Task >>
Please give the lines below again exactly as they stand, from the one that contains "3、班级名片设计。新学年根据" up to and including the one that contains "อายุระหว่าง 9 –", leaving all pictures out.

[Exercise data — start]

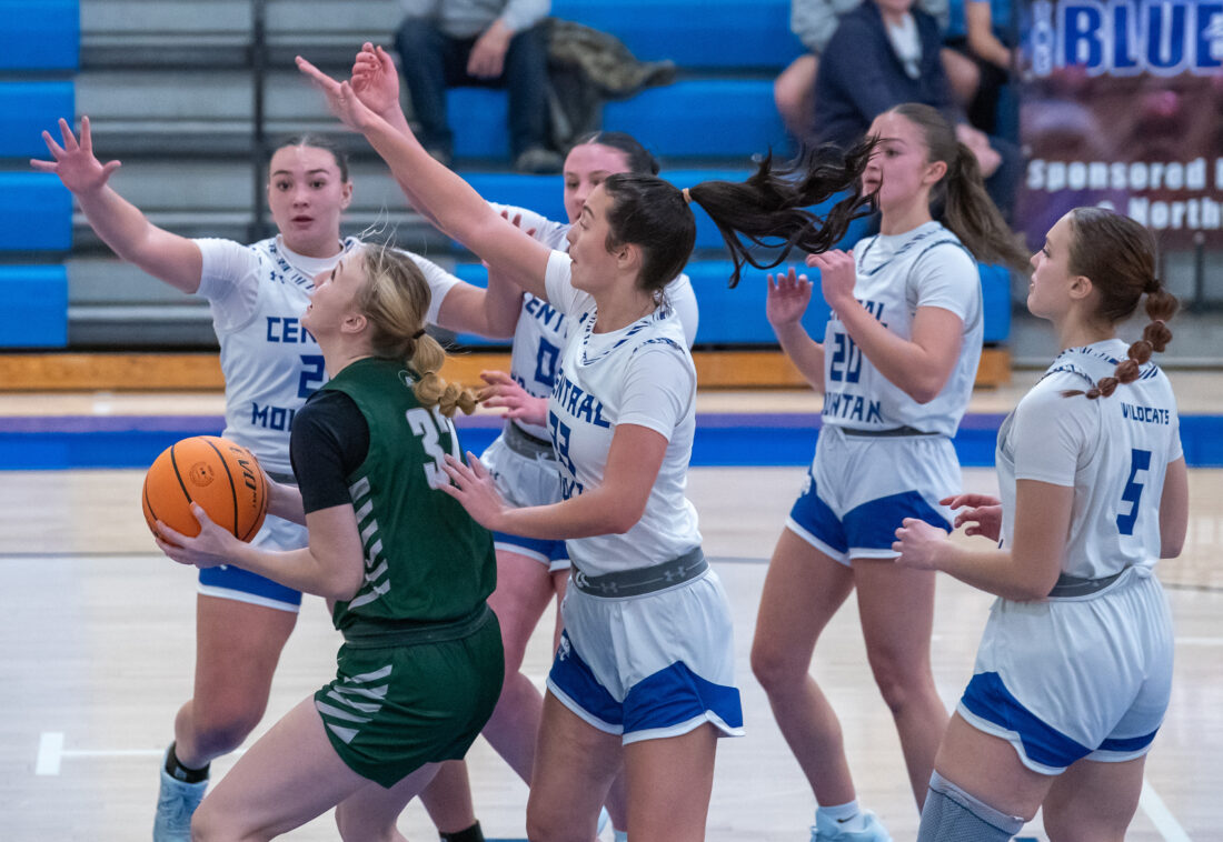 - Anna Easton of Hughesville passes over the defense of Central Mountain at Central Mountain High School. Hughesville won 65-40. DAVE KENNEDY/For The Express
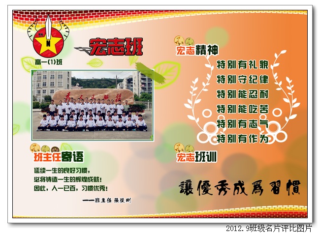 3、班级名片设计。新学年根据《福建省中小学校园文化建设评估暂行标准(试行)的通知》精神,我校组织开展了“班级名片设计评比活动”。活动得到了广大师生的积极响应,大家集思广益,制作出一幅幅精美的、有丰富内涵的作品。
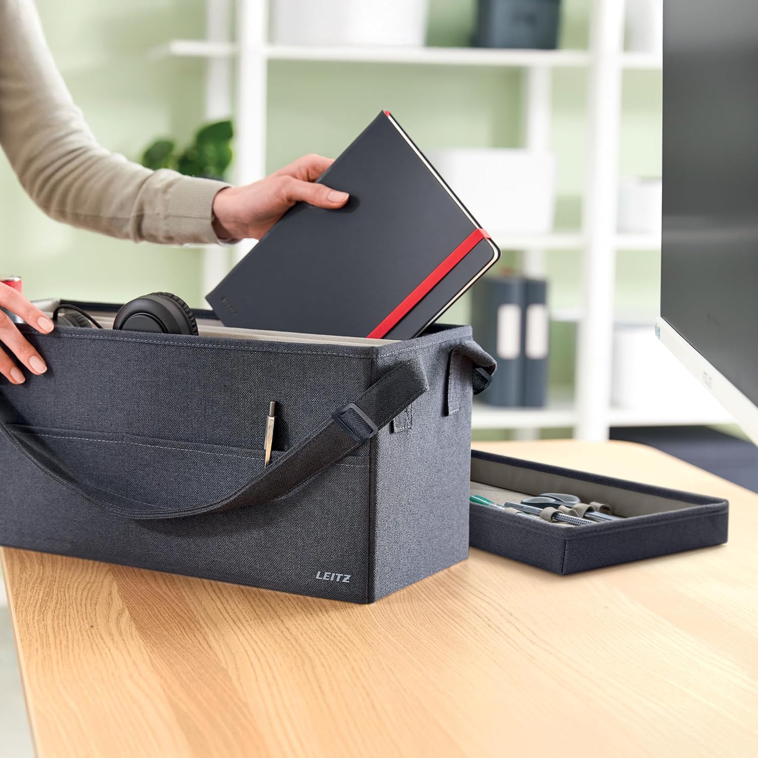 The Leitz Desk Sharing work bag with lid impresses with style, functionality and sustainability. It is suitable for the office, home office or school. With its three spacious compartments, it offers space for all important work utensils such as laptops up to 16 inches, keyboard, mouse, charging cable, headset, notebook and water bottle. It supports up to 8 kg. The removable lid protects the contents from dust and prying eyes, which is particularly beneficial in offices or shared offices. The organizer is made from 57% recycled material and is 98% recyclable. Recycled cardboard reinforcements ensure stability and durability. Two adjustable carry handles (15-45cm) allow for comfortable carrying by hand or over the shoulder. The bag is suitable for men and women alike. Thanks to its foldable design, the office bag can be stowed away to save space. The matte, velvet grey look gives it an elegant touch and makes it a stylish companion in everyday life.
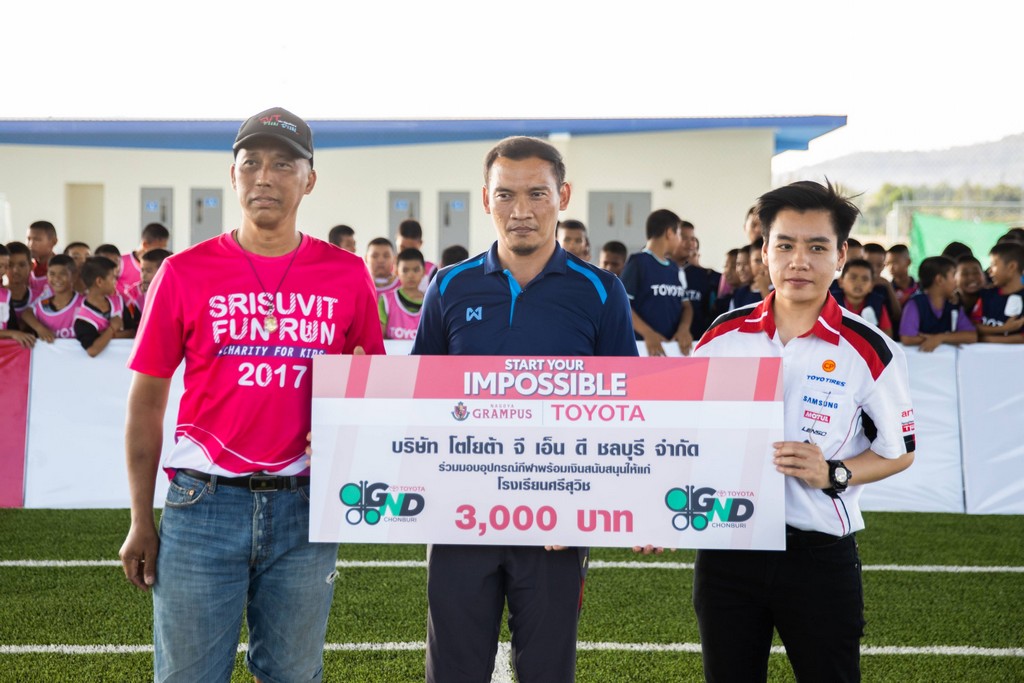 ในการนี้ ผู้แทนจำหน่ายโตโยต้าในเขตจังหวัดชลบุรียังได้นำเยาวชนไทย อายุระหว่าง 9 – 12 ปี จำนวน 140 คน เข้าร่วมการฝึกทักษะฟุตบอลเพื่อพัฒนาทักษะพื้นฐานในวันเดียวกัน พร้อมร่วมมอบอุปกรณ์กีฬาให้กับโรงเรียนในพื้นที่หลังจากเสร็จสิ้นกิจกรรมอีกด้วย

[Exercise data — finish]
[Exercise data — start]

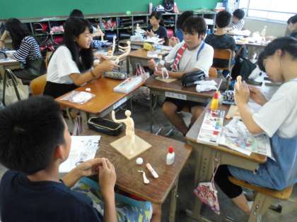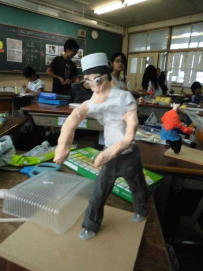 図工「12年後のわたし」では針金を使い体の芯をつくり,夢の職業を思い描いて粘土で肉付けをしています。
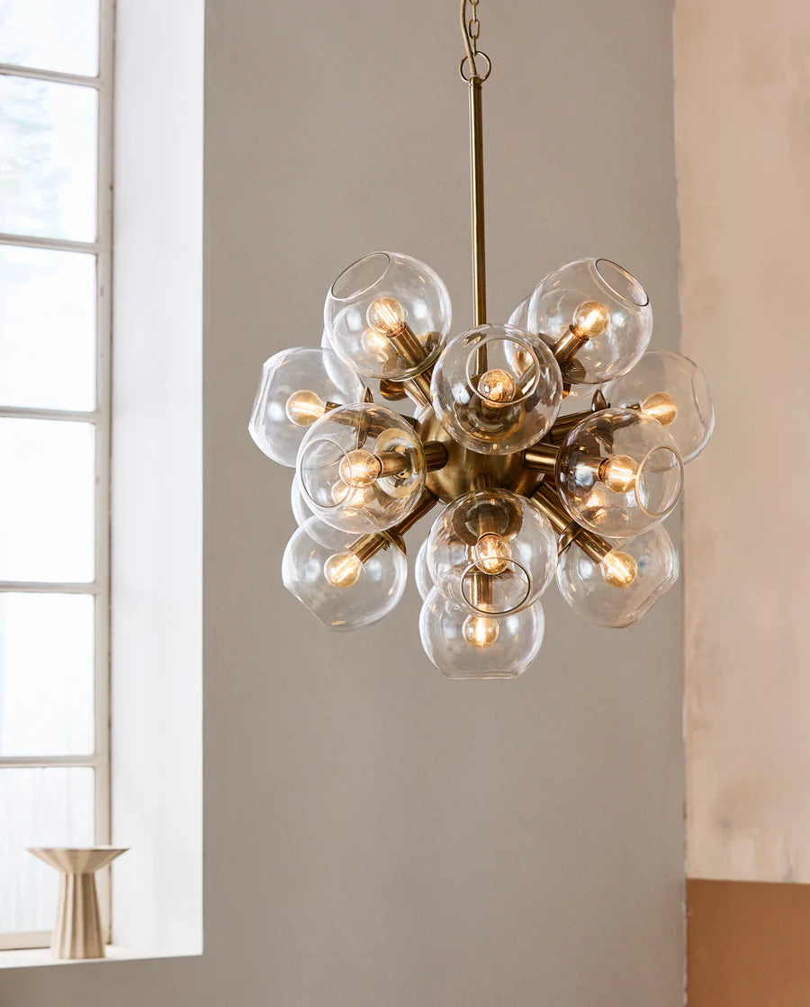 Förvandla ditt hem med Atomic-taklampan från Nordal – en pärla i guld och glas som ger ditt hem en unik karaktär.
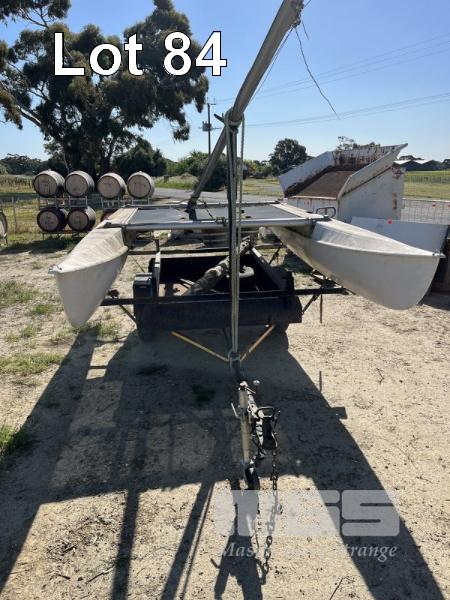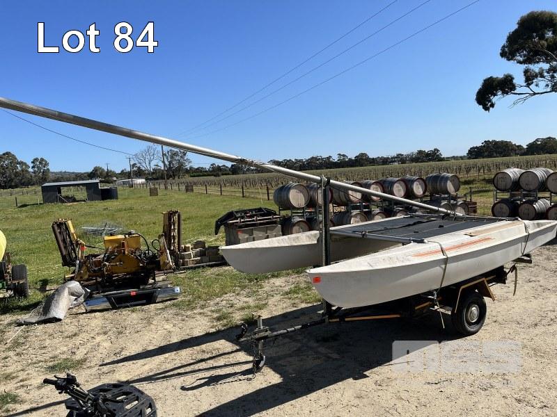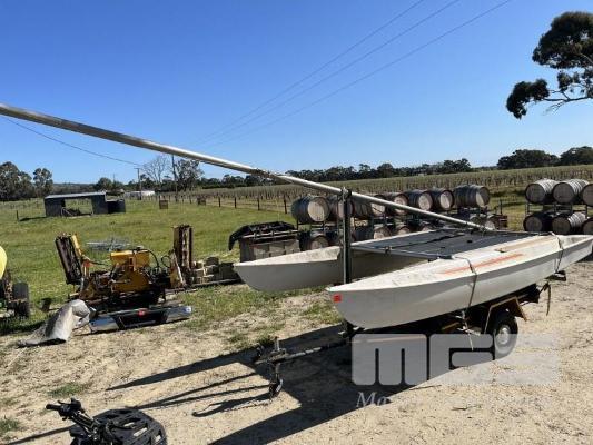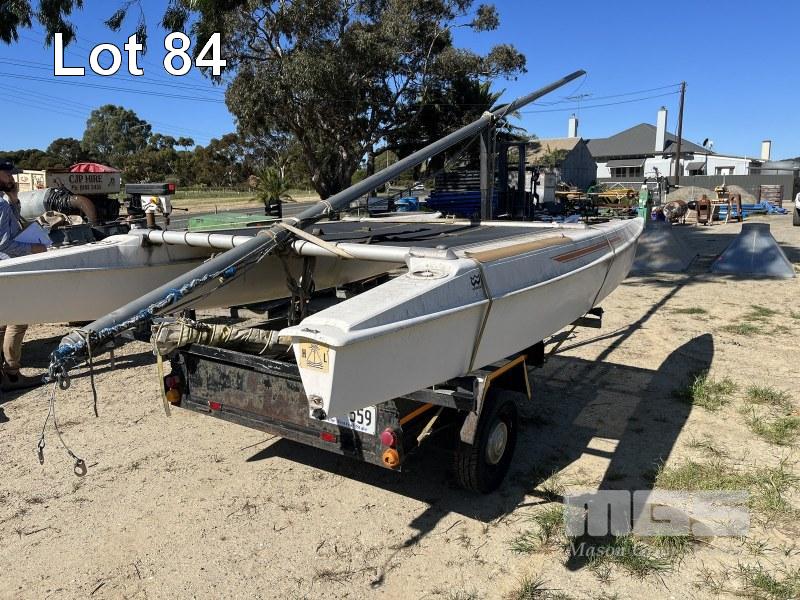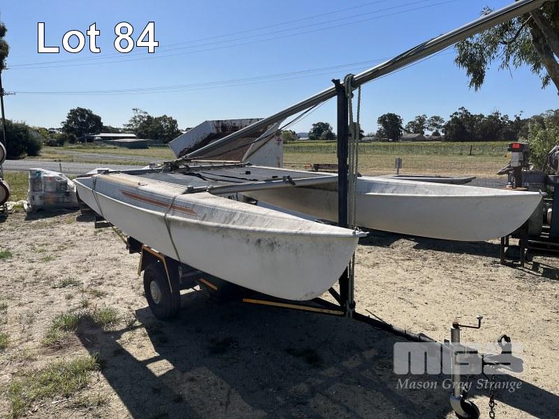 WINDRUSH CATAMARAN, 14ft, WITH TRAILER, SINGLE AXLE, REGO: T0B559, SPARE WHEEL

[Exercise data — finish]

Answer >>
 3、班级名片设计。新学年根据《福建省中小学校园文化建设评估暂行标准(试行)的通知》精神,我校组织开展了“班级名片设计评比活动”。活动得到了广大师生的积极响应,大家集思广益,制作出一幅幅精美的、有丰富内涵的作品。
 The Leitz Desk Sharing work bag with lid impresses with style, functionality and sustainability. It is suitable for the office, home office or school. With its three spacious compartments, it offers space for all important work utensils such as laptops up to 16 inches, keyboard, mouse, charging cable, headset, notebook and water bottle. It supports up to 8 kg. The removable lid protects the contents from dust and prying eyes, which is particularly beneficial in offices or shared offices. The organizer is made from 57% recycled material and is 98% recyclable. Recycled cardboard reinforcements ensure stability and durability. Two adjustable carry handles (15-45cm) allow for comfortable carrying by hand or over the shoulder. The bag is suitable for men and women alike. Thanks to its foldable design, the office bag can be stowed away to save space. The matte, velvet grey look gives it an elegant touch and makes it a stylish companion in everyday life.
 ในการนี้ ผู้แทนจำหน่ายโตโยต้าในเขตจังหวัดชลบุรียังได้นำเยาวชนไทย อายุระหว่าง 9 – 12 ปี จำนวน 140 คน เข้าร่วมการฝึกทักษะฟุตบอลเพื่อพัฒนาทักษะพื้นฐานในวันเดียวกัน พร้อมร่วมมอบอุปกรณ์กีฬาให้กับโรงเรียนในพื้นที่หลังจากเสร็จสิ้นกิจกรรมอีกด้วย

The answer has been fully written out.